如上显示,该数据库未开启flashback,可按下面方法开启。
创建文件夹
[oracle@primary-database oracle]$ mkdir /u01/app/oracle/fast_recovery_area
SYS@orcl> alter system set db_recovery_file_dest_size='5G';
System altered.
SYS@orcl> alter system set db_recovery_file_dest='/u01/app/oracle/fast_recovery_area';
System altered.
SYS@orcl> show parameter db_recovery_file_dest
NAME TYPE VALUE
------------------------------------ ---------------------- ------------------------------
db_recovery_file_dest string /u01/app/oracle/fast_recovery_
area
db_recovery_file_dest_size big integer 5G
SYS@orcl>
开启闪回
SYS@orcl> alter database flashback on;
Database altered.
SYS@orcl> select flashback_on from v$database;
FLASHBACK_ON
------------------------------------
YES
SYS@orcl>
FQ 1:未配置闪回目录
SQL> alter database flashback on;
alter database flashback on
*
ERROR at line 1:
ORA-38706: Cannot turn on FLASHBACK DATABASE logging.
ORA-38709: Recovery Area is not enabled.
SQL> show parameter db_
FQ 2:日志应用未停止
SYS@orcl> alter database flashback on;
alter database flashback on
*
ERROR at line 1:
ORA-01153: an incompatible media recovery is active
SYS@orcl> ALTER DATABASE RECOVER MANAGED STANDBY DATABASE CANCEL;
Database altered.
SYS@orcl>
6.Fast-Start Fail Over
fast-start failover(FSFO)功能是当primary数据库Crash后,它会自动地快速执行切换standby数据库为primary数据库操作。
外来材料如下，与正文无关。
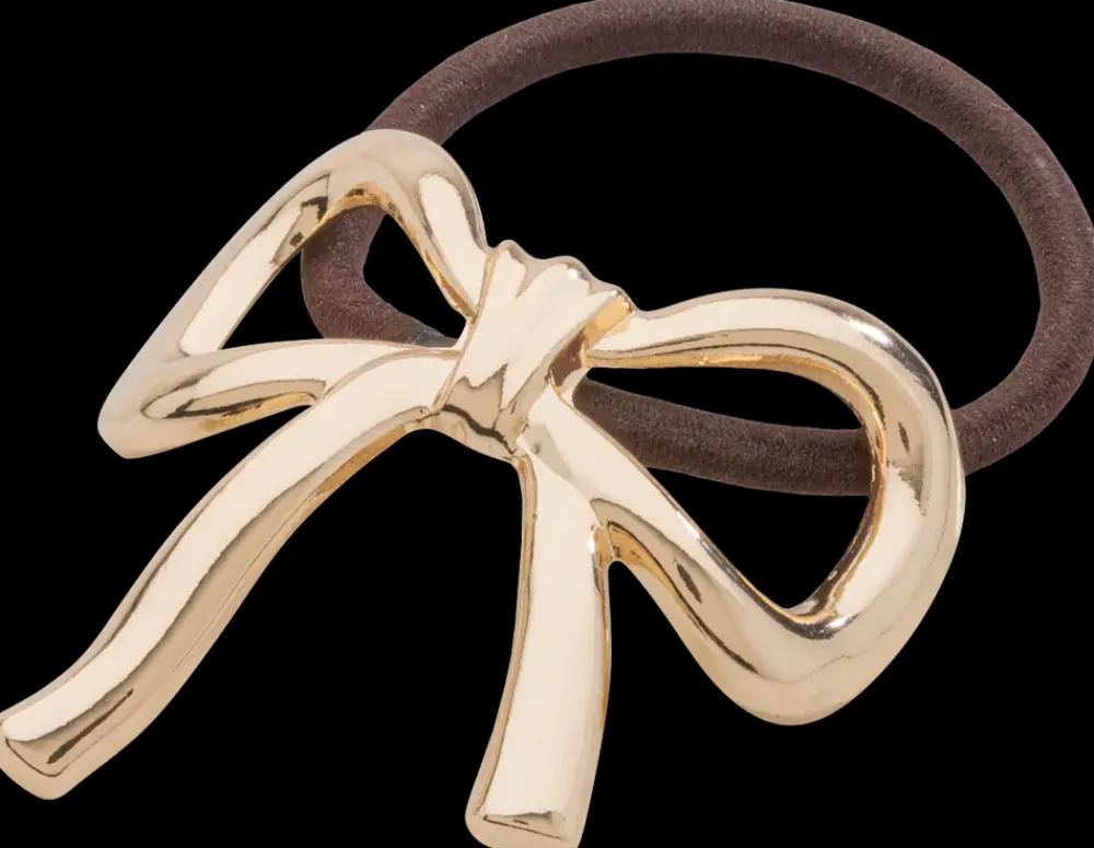 Hårelastik med en guldfarvet zinksløjfe, der giver en elegant og stilfuld detalje til frisuren. Perfekt til både hverdag og fest. Hårelastikken er fremstillet i zink og polyester og er nikkelfri. Ikke vandresistent – bør holdes fri for vand og kemikalier for at bevare sin finish.

那么什么时候会触发fast-start failover呢?
当数据库以正常模式(shutdown immediate/normal/transactional)关闭时,系统不会触发fast-start failover。 使用非正常关闭方式 shutdown abort 关闭primary时会触发fast-start failover。
这里引入一个新的进程observer,observer是用来监控primary数据库是否可用的,当主库不可用时,会执行快速切换standby数据库为primary数据库。
只有maximum availability mode or maximum performance mode才能启用fast-start failover模式。在maximum availability模式下面,在切换时可以保证无数据丢失,在maximum performance mode下面,会有数据丢失,丢失多少数据由FastStartFailoverLagLimit这个参数来配置。
step 1.查看配置属性
DGMGRL> show configuration verbose;
Configuration - xiangxun
Protection Mode: MaxPerformance
Members:
primary - Primary database
standby01 - Physical standby database
standby02 - Physical standby database
standby03 - Physical standby database
Properties:
FastStartFailoverThreshold = '30'
OperationTimeout = '30'
TraceLevel = 'USER'
FastStartFailoverLagLimit = '30'
CommunicationTimeout = '180'
ObserverReconnect = '0'
FastStartFailoverAutoReinstate = 'TRUE'
FastStartFailoverPmyShutdown = 'TRUE'
BystandersFollowRoleChange = 'ALL'
ObserverOverride = 'FALSE'
ExternalDestination1 = ''
ExternalDestination2 = ''
PrimaryLostWriteAction = 'CONTINUE'
ConfigurationWideServiceName = 'orcl_CFG'
Fast-Start Failover: Disabled
Configuration Status:
SUCCESS
DGMGRL>
修改数据库状态
DGMGRL> show database standby03
Database - standby03
Role: PHYSICAL STANDBY
Intended State: APPLY-ON
Transport Lag: 0 seconds (computed 351 seconds ago)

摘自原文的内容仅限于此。